Si introduce così il tema – motivo per cui ci interessiamo all’opera di Goethe – del Pensiero libero dai sensi, nucleo gnoseologico dell’opera di Steiner, posto a fondamento del suo procedere nell’indagine occulta sul sovrasensibile. Steiner coglie nell’ideale di scienza goethiano un metodo di indagine che in effetti porrà alla base di quello che doveva essere, per lui, il processo di formazione occulta del discepolo, onde sviluppare la capacità di comprensione e visione dei Mondi superiori. Nella sua sistemazione dei “Sei esercizi” il primo è proprio quello rivolto alla Liberazione del Pensiero. Uno dei più importanti continuatori del suo filone, Massimo Scaligero, ne farà addirittura una via autonoma, la Via del Pensiero, sviluppando in modo specifico il tema legato alla liberazione di questa facoltà. Il nucleo essenziale di questa via di ascesi consiste nel concentrare il pensiero su oggetti sensibili – meglio se di fabbricazione umana- escludendo progressivamente ogni dato specifico, le qualità non essenziali all’oggetto stesso, fino a dischiuderne il “nucleo essenziale”. Scopo di questo processo non è tanto l’entrare in contatto con l’essenza di un dato oggetto (cosa che è peraltro comunque possibile) quanto il far emergere una corrente originaria del pensiero. Con l’esercizio, il pensiero umano si spoglia della sua componente “riflessa”, cioè la sua dipendenza dal sistema nervoso e si presenta come un calmo dimorare nella sua corrente originaria, risalendo così al pensiero puro, che non dipende dal sistema nervoso ma vibra poderoso e silente nel corpo eterico. In questa corrente del pensiero fluisce la potenza originaria del Logos, che si è incarnato nel corpo eterico umano, a cui l’uomo può ascendere partendo dal pensiero ordinario, liberandolo bensì dalla subordinazione ordinaria all’elemento psichico-sensoriale, e all’organo cerebrale.
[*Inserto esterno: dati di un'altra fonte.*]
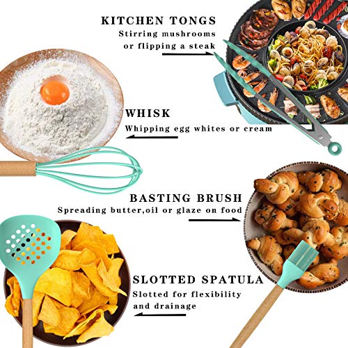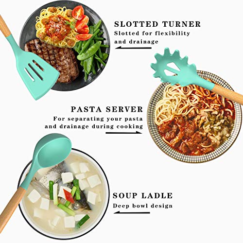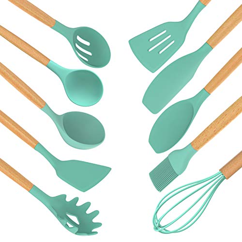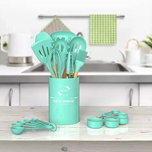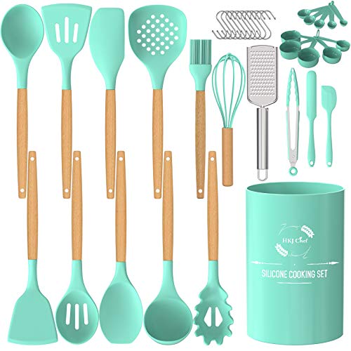 HKL Chef - طقم ادوات طبخ من 27 قطعة من السيليكون غير لاصقة ومقاومة للحرارة تشمل ملاعق سباتيولا وحامل مقابض خشب للطبخ من اتش كيه جيه شيف، اخضر

Si attua così il passaggio al pensiero pensato al pensiero pensante (o in termini ermetici: dal pensare cerebrale-riflesso e lunare al Pensare solare, secondo lo Spirito). Saggi_sull_Ideal_4c207ccaaebb6Vi sarebbe dunque nel pensiero una possibilità privilegiata, preclusa ad altra facoltà umane (sentimento, istinto, impulsi sessuali) di retrocedere lungo il percorso di “caduta” o discesa, ascendendo all’ autocoscienza dell’Io, sino alle soglie dell’elemento assoluto dello Spirito.

J. Evola che di Scaligero fu amico e ispiratore, almeno fino ad un certo punto del loro percorso spirituale, teorizzò un altro “punto di leva” nell’ascesi ermetica verso il processo di enucleazione dell’Individuo Assoluto (al di là delle implicazioni filosofiche di questa espressione): la Volontà. Da qui il maggior interesse di Evola per le tradizioni realizzative a fondo operativo (tantrismo, cavalleria, ermetismo magico etc.) rispetto a quelle a più specifico orientamento conoscitivo-contemplativo, e una differente gradazione fra la via dell’Azione e quella della Conoscenza nella biografia spirituale di questi due ricercatori. Con un curioso paragone potremmo dire che le Opere scientifiche di Goethe ebbero, rispetto alla scuola di ascesi di Steiner, Colazza, Scaligero, il medesimo ruolo di ispirazione che ebbe per Evola l’ “Idealismo magico” di Novalis, altro grande poeta del romanticismo tedesco.